**RECORDED INFORMATION**
# # # #
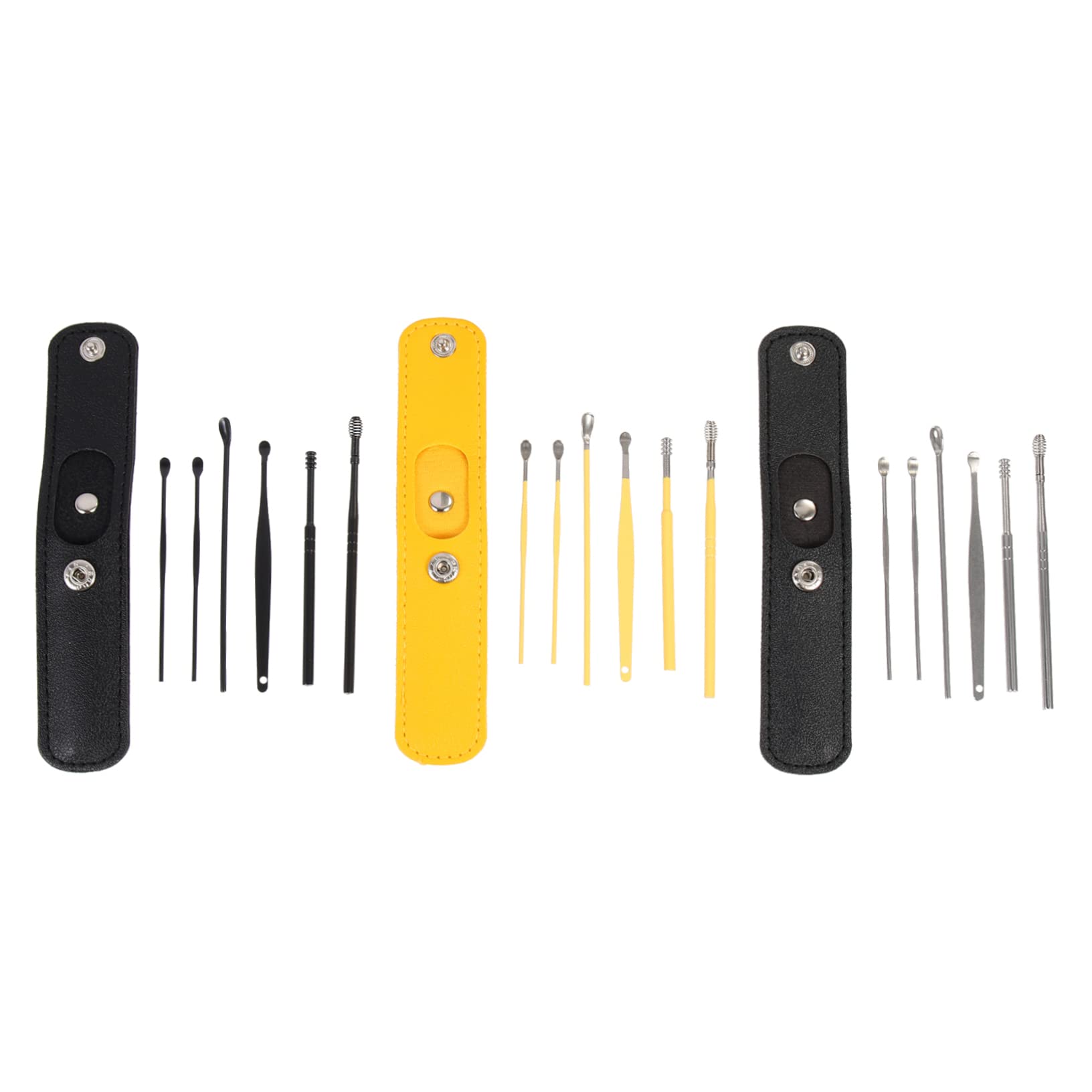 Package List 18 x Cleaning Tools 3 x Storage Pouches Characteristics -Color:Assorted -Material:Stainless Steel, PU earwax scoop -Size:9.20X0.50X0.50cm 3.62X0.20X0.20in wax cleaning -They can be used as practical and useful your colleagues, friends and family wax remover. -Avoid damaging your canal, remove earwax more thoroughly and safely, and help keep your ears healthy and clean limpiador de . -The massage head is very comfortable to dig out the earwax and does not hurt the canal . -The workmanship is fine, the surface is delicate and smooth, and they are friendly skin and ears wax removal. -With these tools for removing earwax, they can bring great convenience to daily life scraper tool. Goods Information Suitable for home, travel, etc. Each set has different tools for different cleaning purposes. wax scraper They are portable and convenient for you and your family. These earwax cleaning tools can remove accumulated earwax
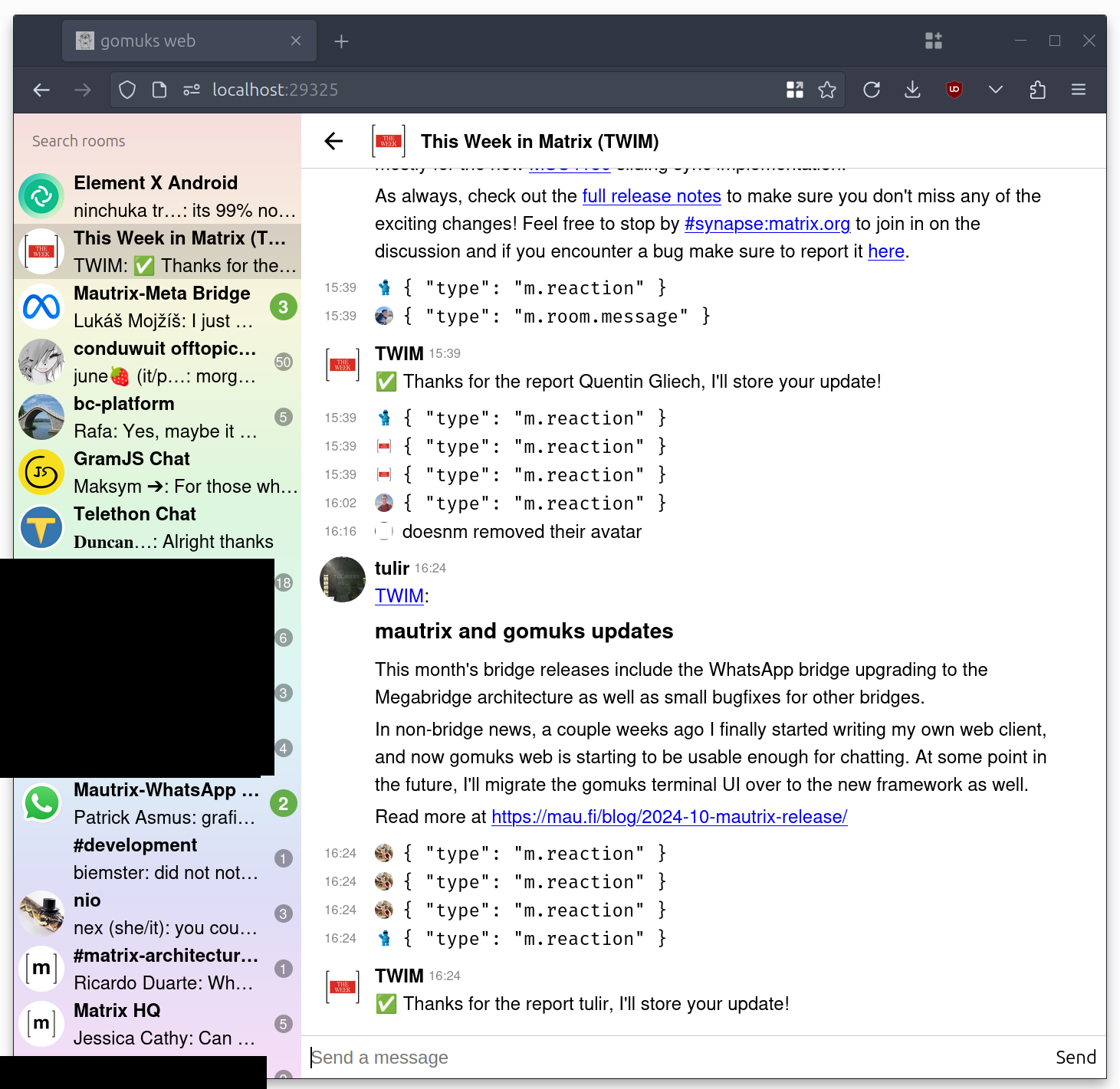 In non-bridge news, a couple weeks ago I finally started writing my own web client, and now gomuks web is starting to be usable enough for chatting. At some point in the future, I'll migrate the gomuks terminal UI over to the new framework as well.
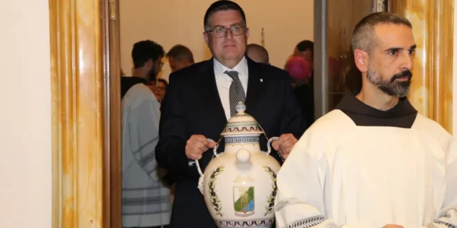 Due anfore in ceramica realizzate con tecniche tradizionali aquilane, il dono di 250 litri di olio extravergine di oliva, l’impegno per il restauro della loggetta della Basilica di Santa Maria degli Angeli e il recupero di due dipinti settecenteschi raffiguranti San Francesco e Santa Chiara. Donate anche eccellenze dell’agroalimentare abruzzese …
# # # #
**ACTIVITY**
Could the data above be repeated exactly, with every picture dropped?

**EXERCISE ANSWER**
 Package List 18 x Cleaning Tools 3 x Storage Pouches Characteristics -Color:Assorted -Material:Stainless Steel, PU earwax scoop -Size:9.20X0.50X0.50cm 3.62X0.20X0.20in wax cleaning -They can be used as practical and useful your colleagues, friends and family wax remover. -Avoid damaging your canal, remove earwax more thoroughly and safely, and help keep your ears healthy and clean limpiador de . -The massage head is very comfortable to dig out the earwax and does not hurt the canal . -The workmanship is fine, the surface is delicate and smooth, and they are friendly skin and ears wax removal. -With these tools for removing earwax, they can bring great convenience to daily life scraper tool. Goods Information Suitable for home, travel, etc. Each set has different tools for different cleaning purposes. wax scraper They are portable and convenient for you and your family. These earwax cleaning tools can remove accumulated earwax
 In non-bridge news, a couple weeks ago I finally started writing my own web client, and now gomuks web is starting to be usable enough for chatting. At some point in the future, I'll migrate the gomuks terminal UI over to the new framework as well.
 Due anfore in ceramica realizzate con tecniche tradizionali aquilane, il dono di 250 litri di olio extravergine di oliva, l’impegno per il restauro della loggetta della Basilica di Santa Maria degli Angeli e il recupero di due dipinti settecenteschi raffiguranti San Francesco e Santa Chiara. Donate anche eccellenze dell’agroalimentare abruzzese …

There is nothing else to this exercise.